* **WHAT TO WORK ON**
Set down the listing exactly as given, minus images.

* **COLLECTED MATERIAL**
————

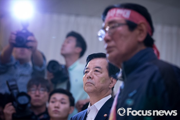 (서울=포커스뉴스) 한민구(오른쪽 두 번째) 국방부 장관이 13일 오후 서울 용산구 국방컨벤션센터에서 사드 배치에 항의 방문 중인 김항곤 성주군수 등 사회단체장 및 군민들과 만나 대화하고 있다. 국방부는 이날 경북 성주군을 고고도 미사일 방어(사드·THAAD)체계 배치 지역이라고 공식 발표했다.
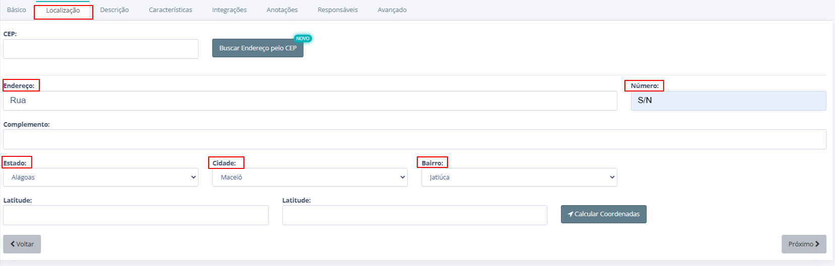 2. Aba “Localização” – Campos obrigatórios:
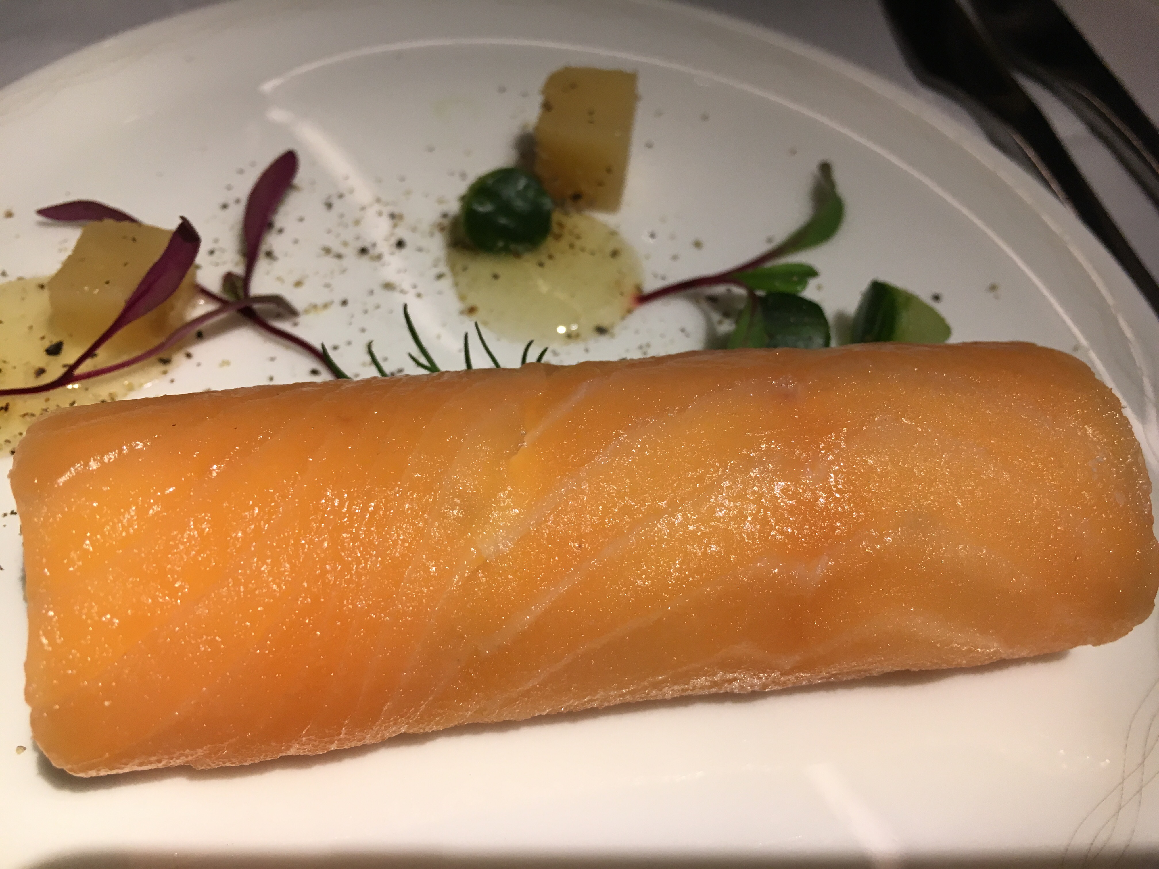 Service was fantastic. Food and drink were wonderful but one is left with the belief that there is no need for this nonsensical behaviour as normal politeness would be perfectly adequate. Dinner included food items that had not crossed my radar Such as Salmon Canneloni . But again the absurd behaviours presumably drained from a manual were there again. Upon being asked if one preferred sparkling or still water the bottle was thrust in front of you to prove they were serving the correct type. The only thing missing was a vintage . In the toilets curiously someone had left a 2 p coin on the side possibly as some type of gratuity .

————

* **REPLY TO THE EXERCISE**
 (서울=포커스뉴스) 한민구(오른쪽 두 번째) 국방부 장관이 13일 오후 서울 용산구 국방컨벤션센터에서 사드 배치에 항의 방문 중인 김항곤 성주군수 등 사회단체장 및 군민들과 만나 대화하고 있다. 국방부는 이날 경북 성주군을 고고도 미사일 방어(사드·THAAD)체계 배치 지역이라고 공식 발표했다.
 2. Aba “Localização” – Campos obrigatórios:
 Service was fantastic. Food and drink were wonderful but one is left with the belief that there is no need for this nonsensical behaviour as normal politeness would be perfectly adequate. Dinner included food items that had not crossed my radar Such as Salmon Canneloni . But again the absurd behaviours presumably drained from a manual were there again. Upon being asked if one preferred sparkling or still water the bottle was thrust in front of you to prove they were serving the correct type. The only thing missing was a vintage . In the toilets curiously someone had left a 2 p coin on the side possibly as some type of gratuity .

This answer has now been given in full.